/hangbot

A hangman bot

Primary LanguageJavaScript

Hangbot

Hangbot is an automated hangman player bot program for playing hangman over the web. It comes with four bots:

  • DefaultBot guesses letters in alphabetical order. It's not too bright!
  • RandomBot guesses letters at random
  • SmartBot uses an n-gram letter model
  • SmarterBot uses a unigram word model and a letter model.

I tested all four bots for 100 games. DefaultBot and RandomBot didn't even win once. Hangman is hard for computers! Meanwhile, SmartBot achieved a record of 33 wins and 67 losses. That's pretty good! SmarterBot is the champion. He achieved a whopping record of 96 wins and 4 losses. That's better than me! Let's tackle the usage instructions first and then I'll describe SmartBot's algorithm a bit more.

#Installation and Usage

To use Hangbot, first make sure you are using a machine with a recent copy of node.js and npm. Then you can install this project with

$ git clone git://github.com/jacoblyles/hangbot.git
$ cd hangbot
$ npm install -g

The "-g" flag installs an executable script called hangbot that will be accessible from any working directory. After installation, take it for a spin! The following command tells SmartBot to play 5 games:

hangbot run smarter 5

The commands available for hangbot are:

hangbot help

prints out the usage instructions

hangbot stats

prints the win/loss stats of the bots available on your machine

hangbot run <botname> <times>

tell the bot to play hangman for you! Options for <botname> are 'default', 'random', 'smart', and 'smarter'. <times> should be an integer. Both parameters are optional, the defaults are 'default' and 1

#SmartBot algorithm

SmartBot uses a linear interpolation of a unigram and a bigram letter model trained on a ~5 million character corpus (thanks for the corpus, Peter Norvig!). For each unfilled position, SmartBot uses the letter model to choose a maximum likelihood potential letter. SmartBot takes the global maximum likelihood letter over all positions as its guess.

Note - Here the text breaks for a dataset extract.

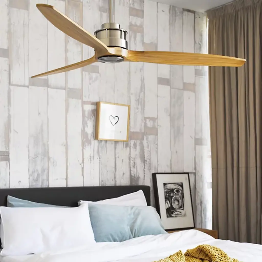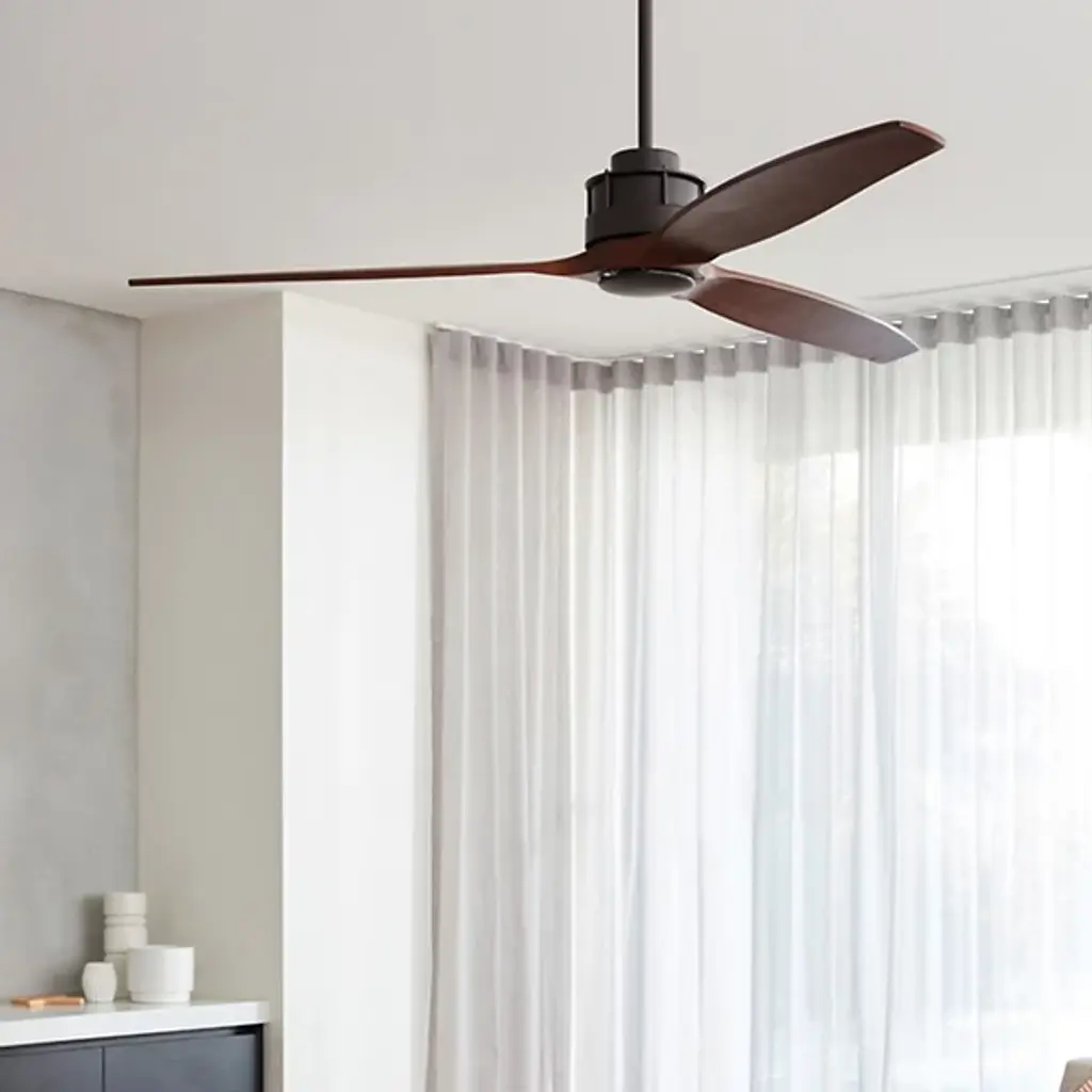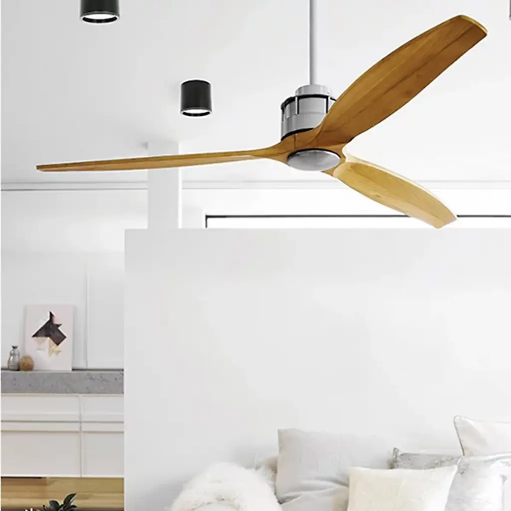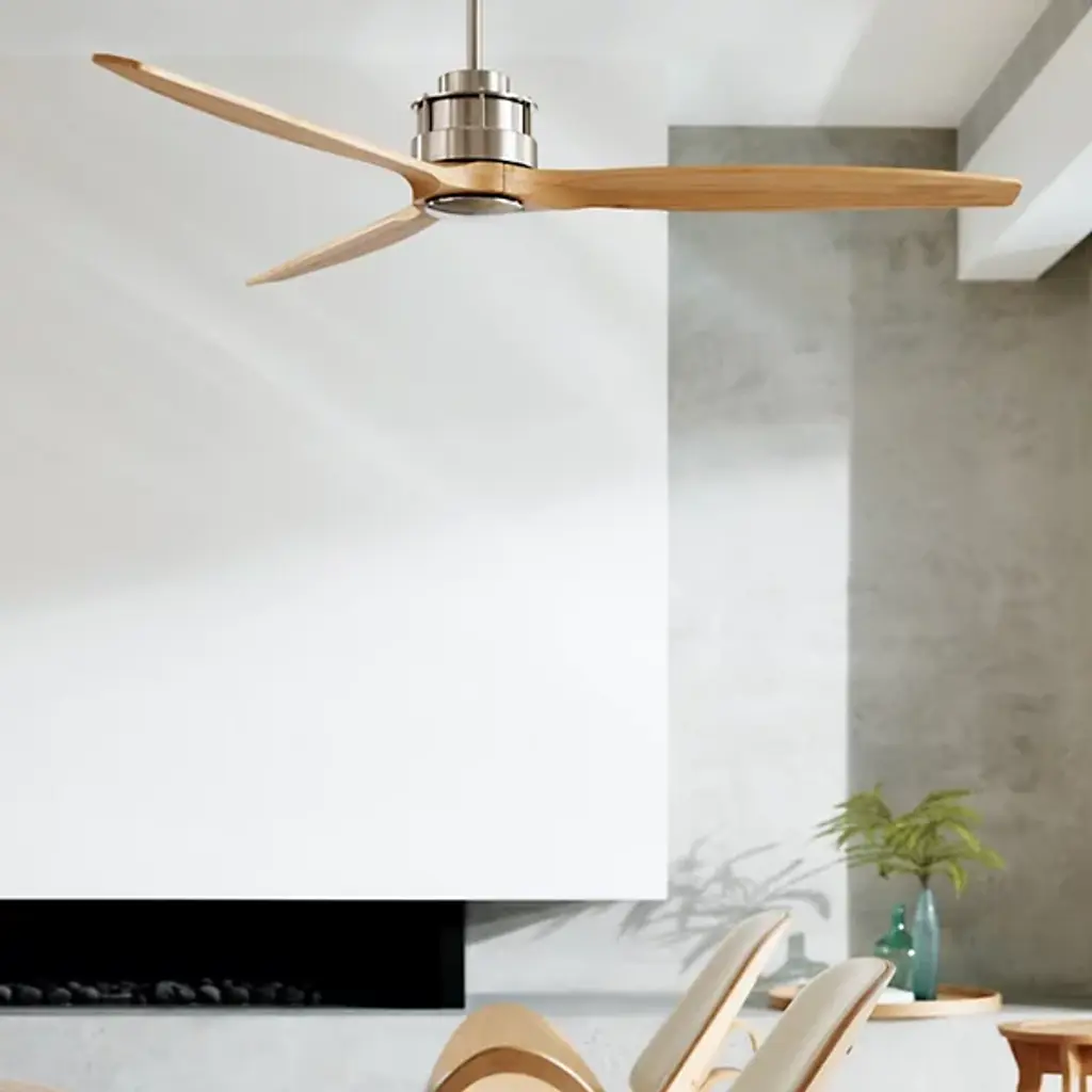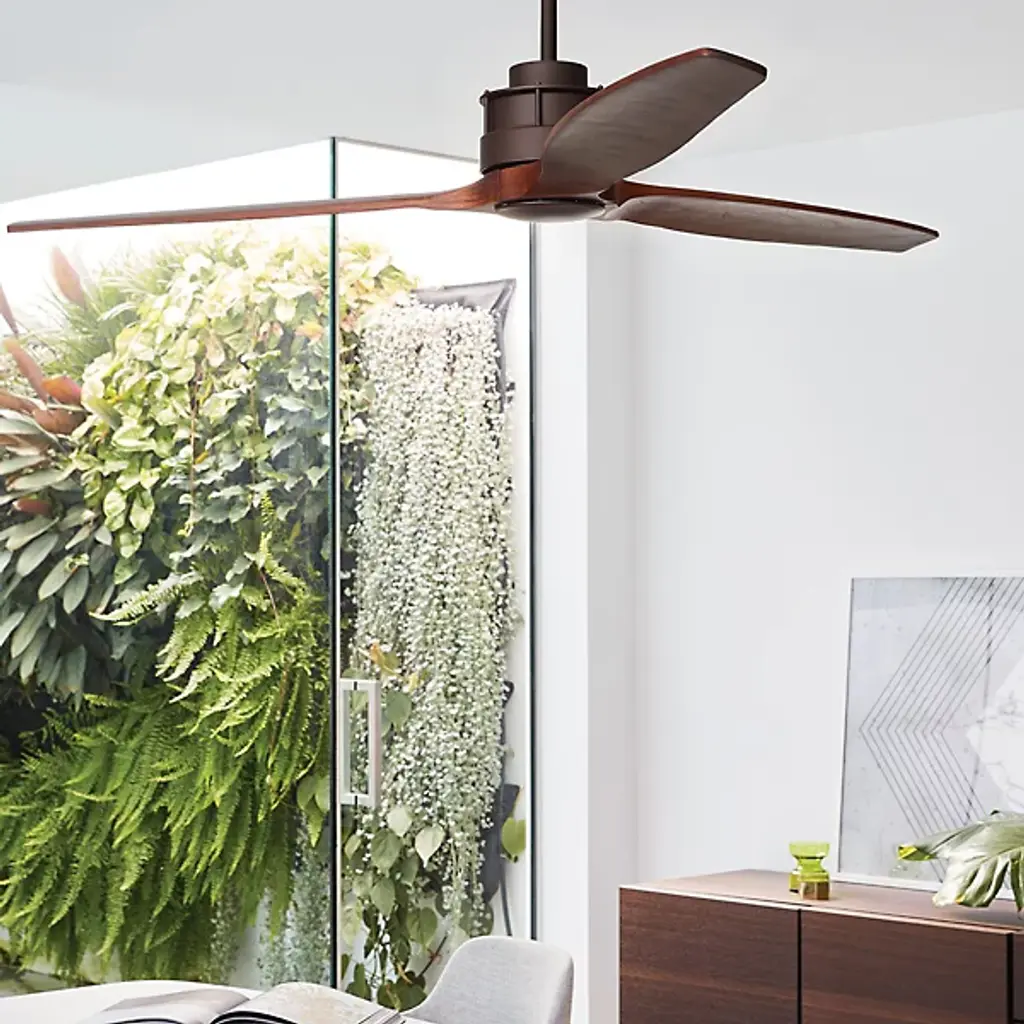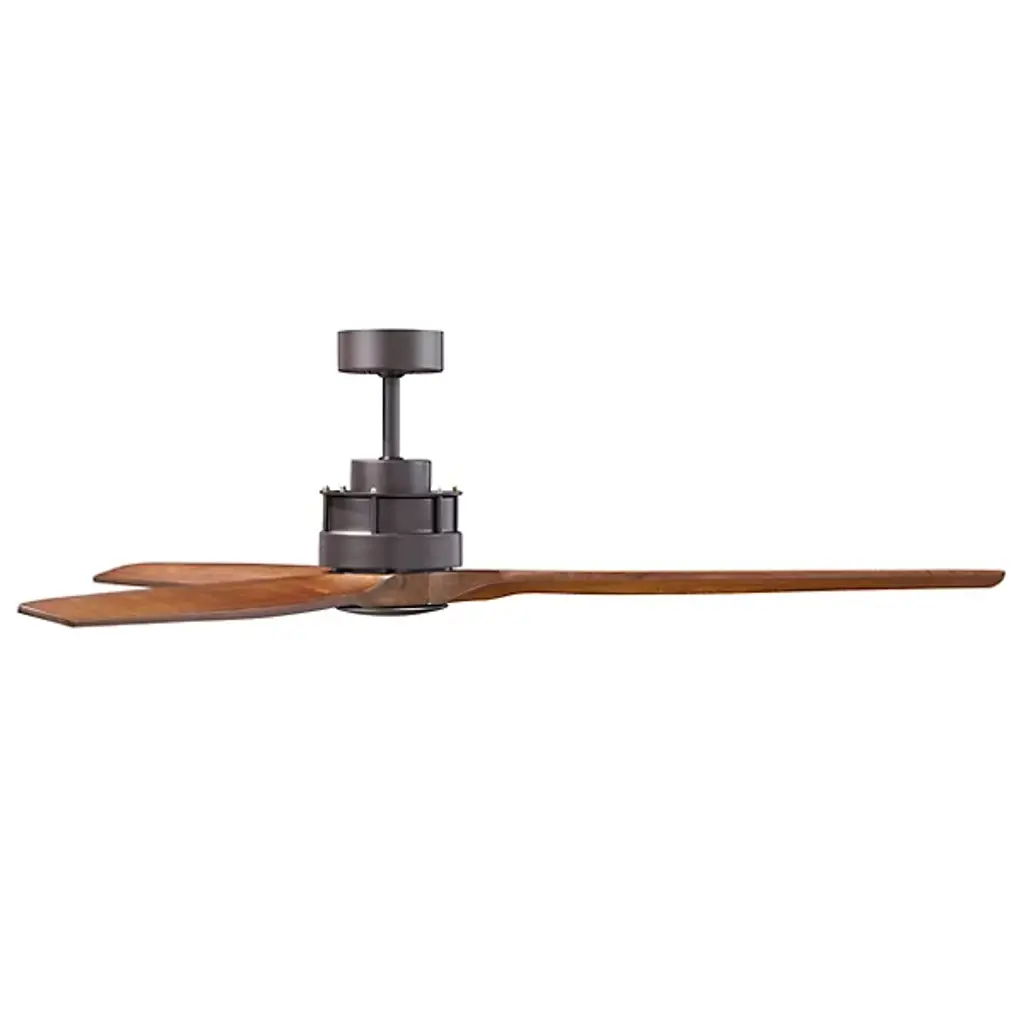 The Akmani Lucci Air Ceiling Fan from Beacon Lighting features a contemporary silhouette that is rich in texture, structural strength, and refined functionality. Designed by Lucci Air, its set of three solid wood blades swirl around a powerful DC motor, with a propeller-style shape that evokes the early days of flight. The steel housing around the motor is contoured, featuring a set of slim, vertical accents that contrast with the wooden blades. A central steel disc anchors the blades, which can shift through six speeds at the command of a handheld remote.

The probability of letter l at position i is given by

p(l_i) = w * unigram(l_i) + (1 - w) * bigram(l_i)

Where w is between 0 and 1. Since unigram and bigram return probabilities, then p(l_i) will also be between 0 and 1, which is what we want!

The sub-models are given by:

unigram(l_i) = count(l) / total_letters
bigram(l_i) = p(l_i | l_i-1) = count(l_i-1, l_i) / count(l_i-1, *)

As I mentioned, SmartBot is significantly better than random!

#SmarterBot Algorithm

SmartBot was the old hotness. SmarterBot blows it out of the water with a whopping 96% win record!

Using the same training corpus as before, SmarterBot first uses a unigram word model to determine the most likely word that is possible given the current state of the game. It then uses the same letter model as SmartBot to determine the maximum likelihood letter in that word that hasn't been guessed yet, and guesses that.